Il fine di profitto del furto può avere anche natura non patrimoniale: l'informazione provvisoria delle Sezioni Unite

Era stata rimessa alle Sezioni Unite la seguente questione di diritto: «se il fine di profitto, in cui si concerta il dolo specifico del delitto di furto, debba essere inteso solo come finalità dell’agente di incrementare la sfera patrimoniale, sia pure in funzione del perseguimento di ulteriori fini conseguibili, ovvero se possa anche consistere nella volontà di trarre un’utilità non patrimoniale dal bene sottratto».

Secondo un primo orientamento di legittimità – si legge nel provvedimento – «la nozione di profitto risulta svincolata dalla natura economica del fine dell’agente: il profitto avuto di mira può, quindi, consistere in qualsiasi utilità, anche di natura non patrimoniale, e soddisfare un bisogno di tipo psichico, rispondendo alle più svariate finalità di dispetto, ritorsione, vendetta, rappresaglia, emulazione».
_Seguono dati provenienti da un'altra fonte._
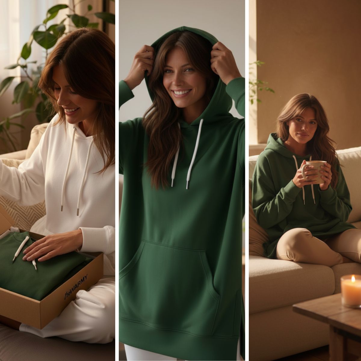 Fits true to size, take your usual hoodie size. Designed with a relaxed, oversized silhouette that flatters without feeling bulky. Made from our signature WarmyWeave™ Cotton: a 100% cotton outer and an ultra-soft, blanket-like interior for all-day comfort and warmth.
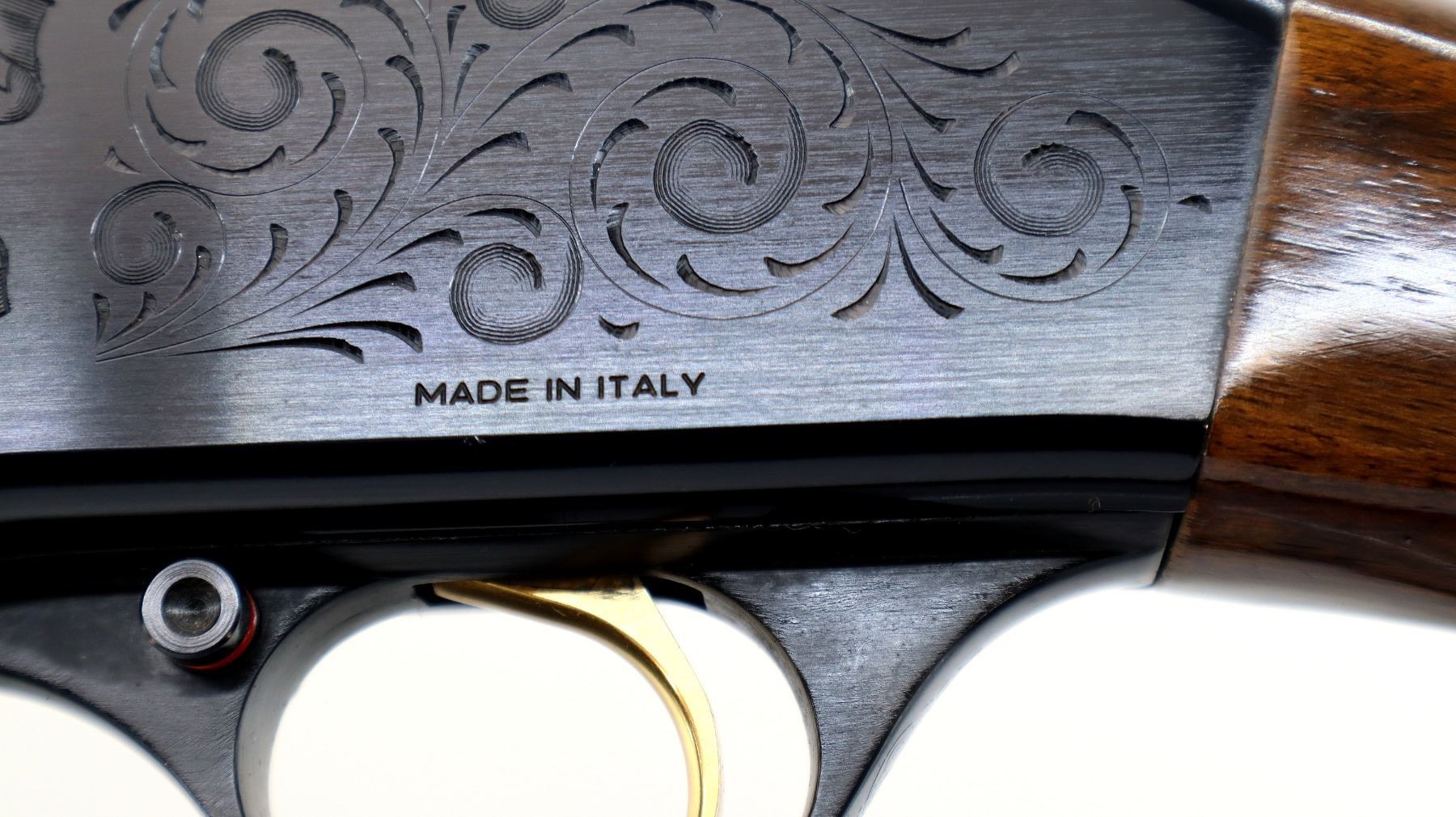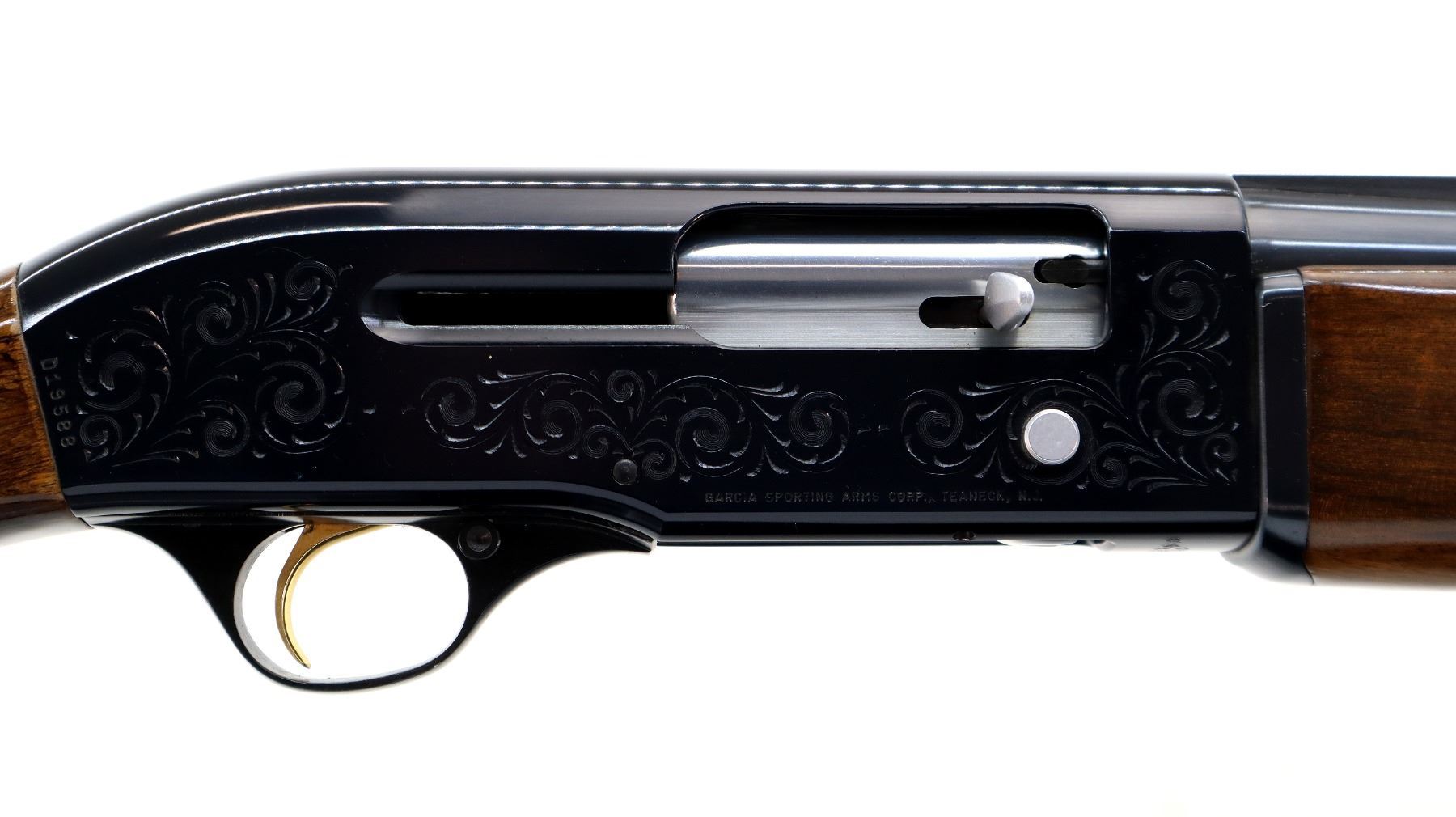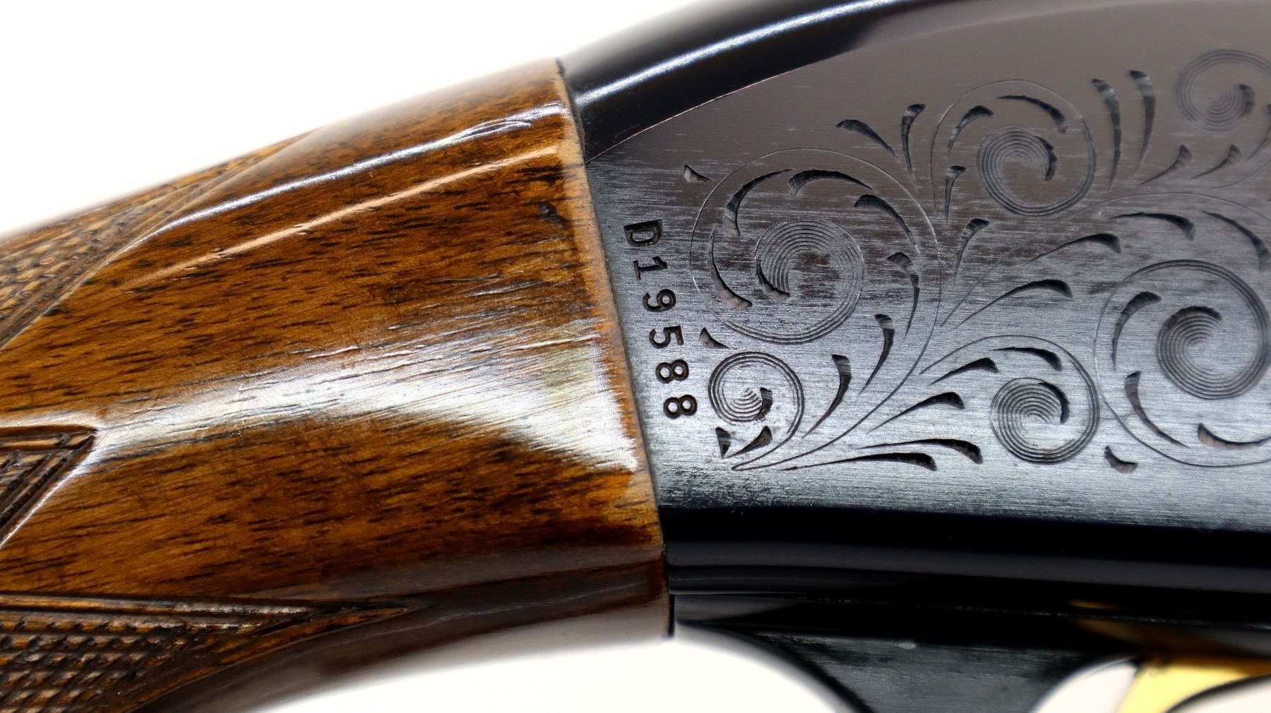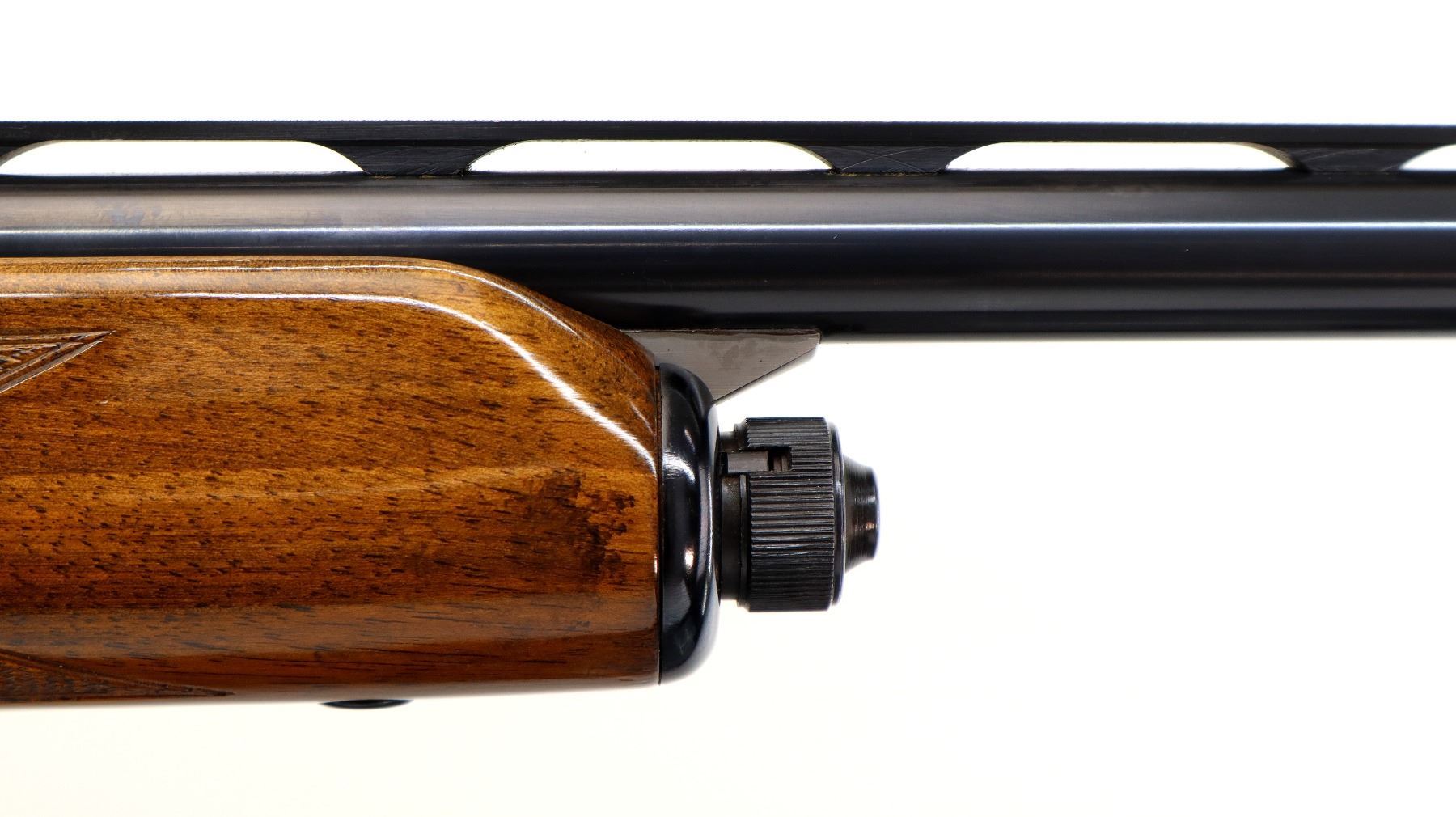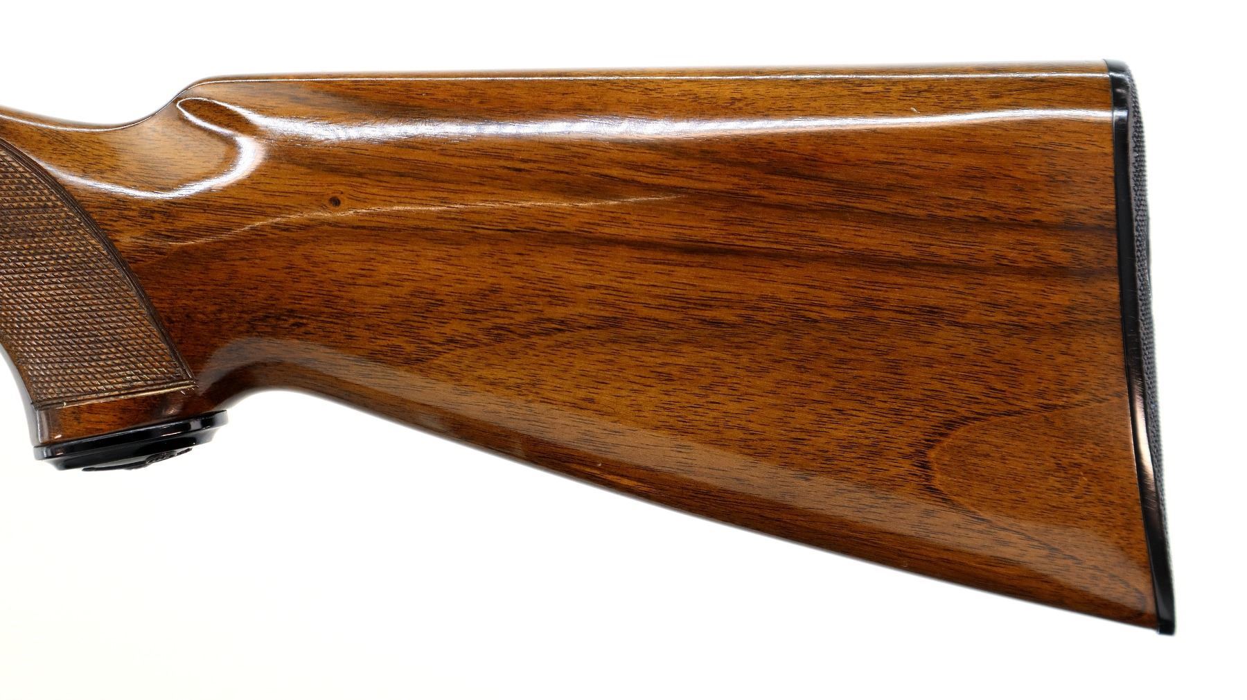 Main Description: Red fiber optic front bead, blued vent rib barrel, engraved alloy receiver, gold trigger. Two piece wood stocks, checkered forearm, pistol grip and black polymer butt plate, grip cap. Spare Barrel: Special Trap, 12 G X 2 3/4", 30", Bore is Excellent, Fixed Full Choke, Red fiber optic bead, polish blued finish, vent rib.

Secondo un diverso orientamento «manifestatosi nella giurisprudenza di legittimità, più recente, al contrario di quello sin qui esaminato, inquadra in senso restrittivo la nozione di profitto, nel senso di attribuire rilievo unicamente al perseguimento di una utilità di tipo patrimoniale».

Le Sezioni Unite con l’informazione provvisoria n. 7 del 2023 hanno fornito la seguente soluzione: «il fine di profitto del reato di furto, caratterizzante il dolo specifico dello stesso, può consistere anche in un fine di natura non patrimoniale».